Question about TF and prefix search

Hello everyone, how are you?

I'm having some problems with a search.

Currently, I am searching for the word "Cracha", where the purpose of my search is precisely to bring up all the results that start with that word.

It works well, but there is a small inversion of results in my return, for example:

Cracha xxx
Cracha xxxz
Cracha xxxxzx
Cordao p cracha
Cracha xxxxxxx

I verified that the score of "cordao" is higher than "cracha xxxxxx" using the explain method.

Basically they all have the same values, but when it arrives in the TF, the word "cordão" is slightly higher, making it more relevant and returning in a higher order than it should be.

Is there anything I can do to get around this problem? I really don't understand why TF has greater relevance in the record "Cordao"

Hi there @Allen7_Skillz - this will depend on a little more information. For example, what is the mapping of the field you are searching, what query are you running, and what is the output of _explain?

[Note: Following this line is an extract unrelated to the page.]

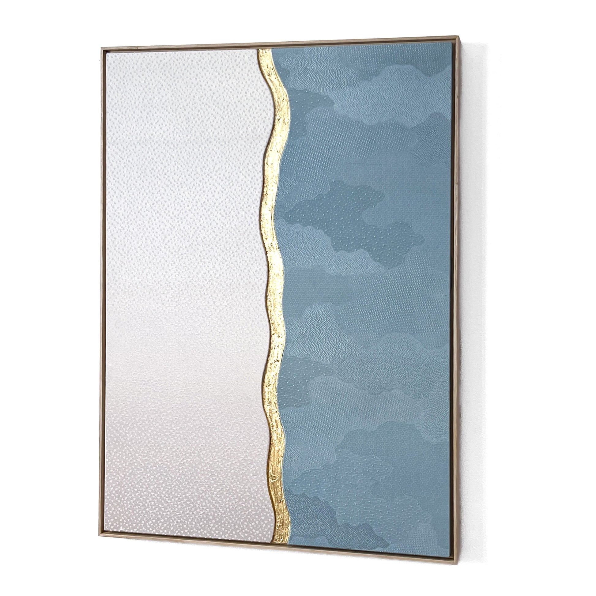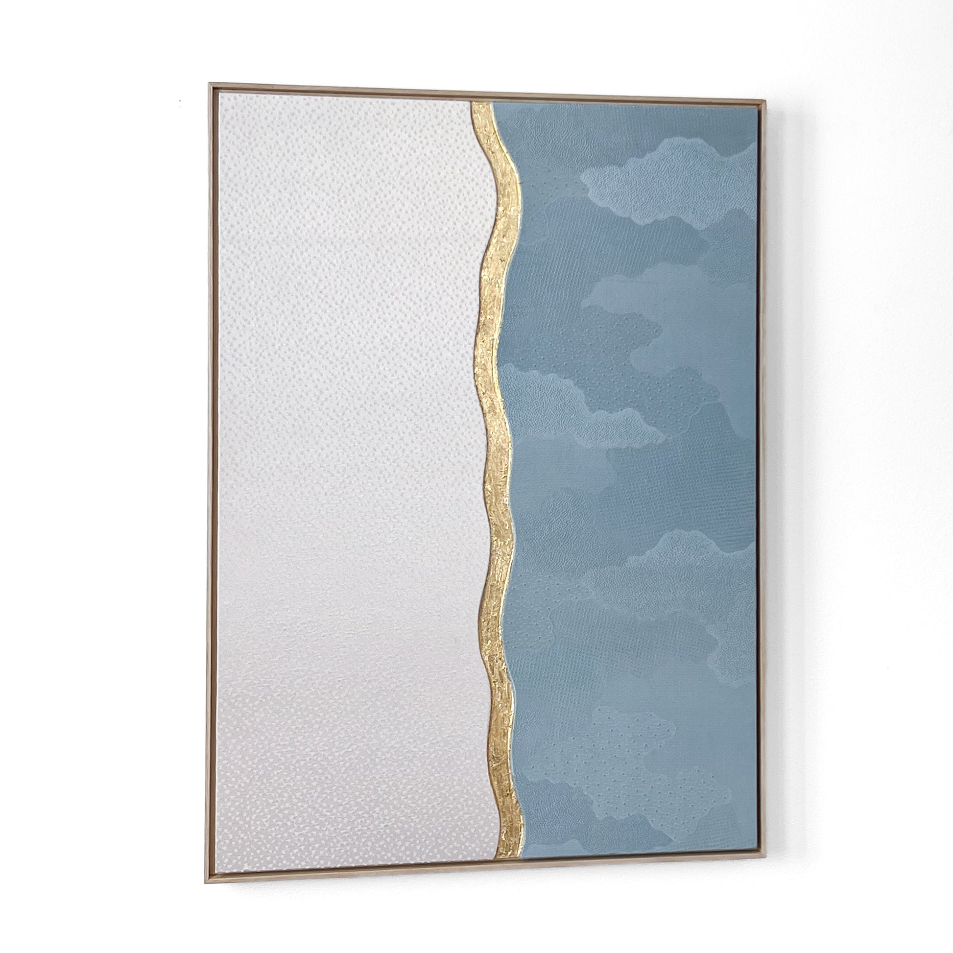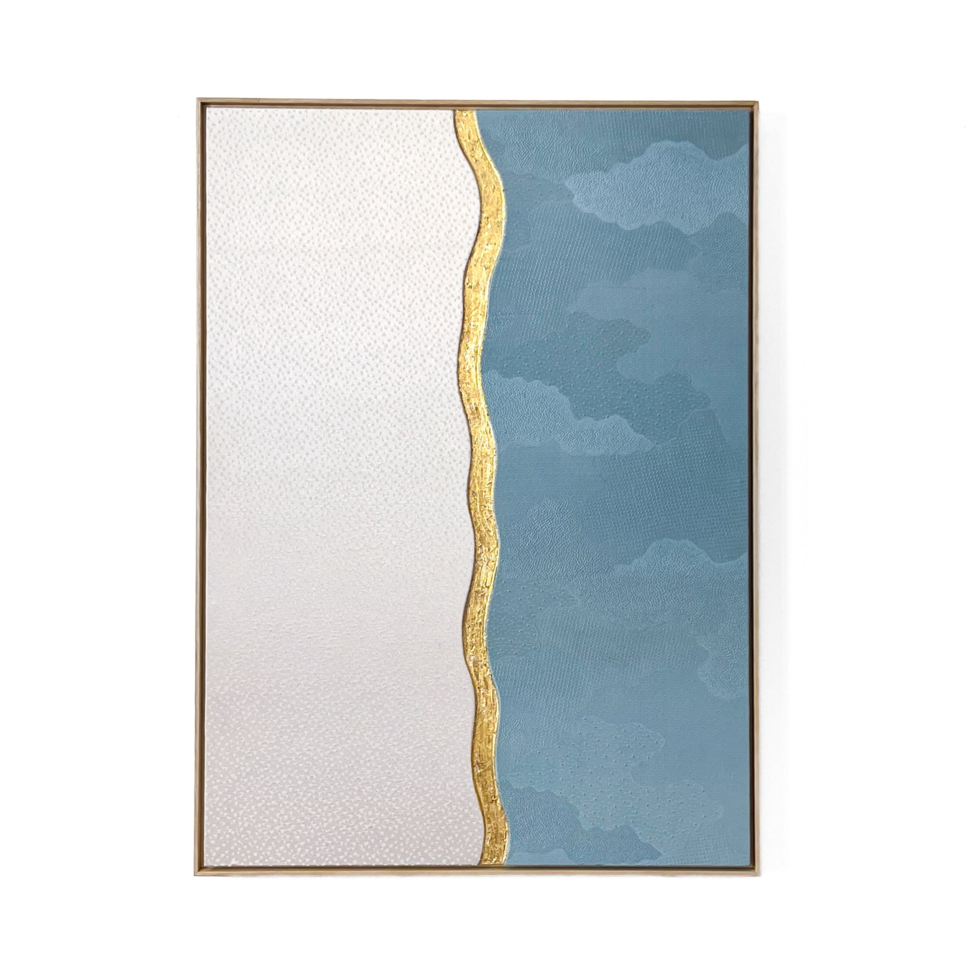 The flowing curved line dividing the composition is highlighted with hand-applied gold leaf. Rather than acting as a boundary, this shimmering line symbolizes transition and connection - the moment where winter air meets the open sky. Its organic movement reflects the rhythm of nature and introduces a contemporary artistic gesture inspired by traditional Japanese decorative techniques.

I can tell you that for a very simple example, cordao is returned at the bottom of the result set, so it has to be something else about how you're storing or querying the data.

PUT rank-test/_doc/1
{
  "text": "Cracha xxx"
}
PUT rank-test/_doc/2
{
  "text": "Cracha xxxz"
}

PUT rank-test/_doc/3
{
  "text": "Cracha xxxxzx"
}

PUT rank-test/_doc/4
{
  "text": "Cordao p cracha"
}

PUT rank-test/_doc/5
{
  "text": "Cracha xxxxxxx"
}

GET rank-test/_search
{
  "query": {
    "query_string": {
      "query": "cracha"
    }
  }
}

Hello!

Sorry, I ended up not including the code itself.

Basically, I am importing several products of the most varied types.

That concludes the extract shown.